Officials came to our apartment several times to try to persuade my grandmother to go to Peking and bring my mother back. One said to her, "I'm really thinking of your daughter. Why persist in misunderstanding the Party? The Party was only trying to protect your son-in-law. Your daughter would not listen to the Party and went to Peking.

I'm worried for her that if she does not come back, she will be regarded as anti-Party. And you know how serious that is. Being her mother, you must do what is best for her. The Party has promised that as long as she comes back and makes a self-criticism, she will be forgiven."

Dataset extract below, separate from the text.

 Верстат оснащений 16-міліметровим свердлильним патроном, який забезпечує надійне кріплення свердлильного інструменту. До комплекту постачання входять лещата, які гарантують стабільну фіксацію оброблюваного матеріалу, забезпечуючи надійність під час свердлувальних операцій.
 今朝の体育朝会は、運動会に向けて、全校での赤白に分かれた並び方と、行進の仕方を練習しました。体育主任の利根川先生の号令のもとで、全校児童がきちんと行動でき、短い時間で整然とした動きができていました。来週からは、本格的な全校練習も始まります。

The thought that her daughter was in trouble brought my grandmother to the verge of collapse. After several such sessions, she was wavering. Then one day her mind was made up for her: she was told that my father was having a nervous breakdown, and only when my mother came home would they send him to a hospital.

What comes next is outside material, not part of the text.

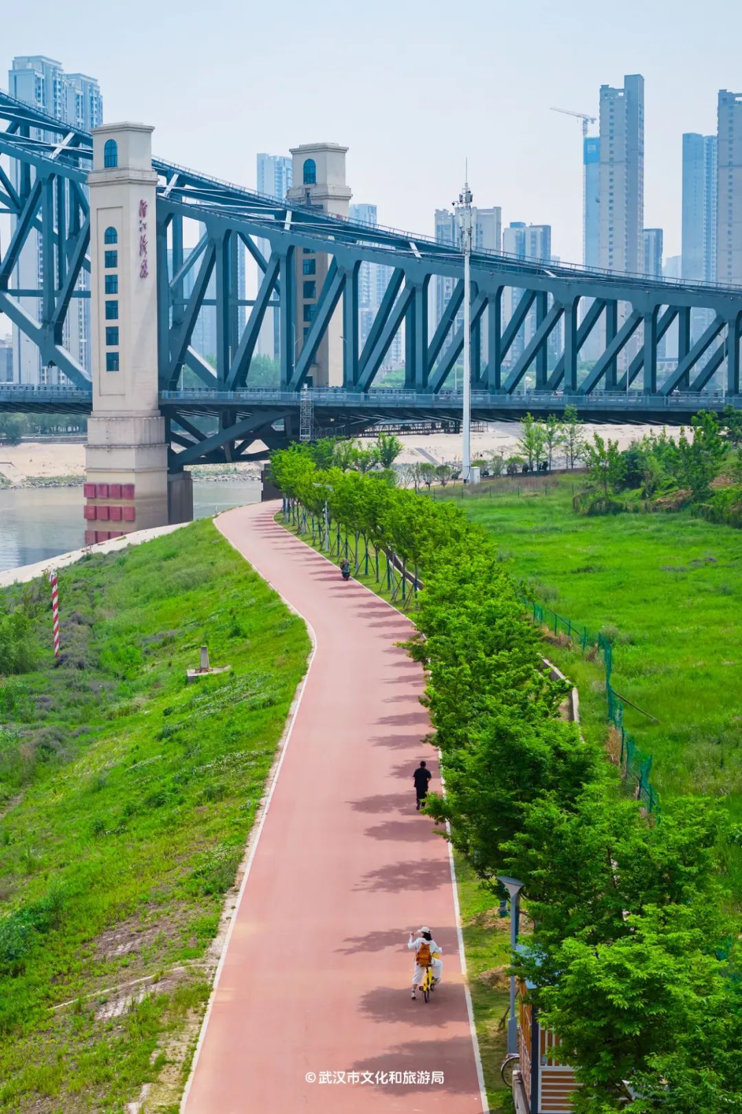 与汉水江滩的骑行道是联通的

The Party gave my grandmother two tickets, one for herself and one for Xiao-fang, and they set off to Peking, thirty-six hours away by train. As soon as my mother heard the news, she sent a telegram to tell my father's department she was on her way, and started making arrangements to return home. She arrived back with my grandmother and Xiao-fang in the second week of October.

During her absence, the whole of September, I had stayed at home to keep my grandmother company. I could see that she was consumed by worry, but I did not know what was going on. Where was my father? Was he under arrest, or was he being protected? Was my family in trouble or not? I did not know no one said anything.

I could stay at home because the Red Guards never exercised the rigorous control the Party did. Besides, I had a sort of 'patron' in the Red Guards, Geng, my gauche fifteen-year-old boss, who had made no effort to summon me back to the school. But at the end of September he telephoned to urge me to get back before I October, National Day, or I would never be able to join the Red Guards.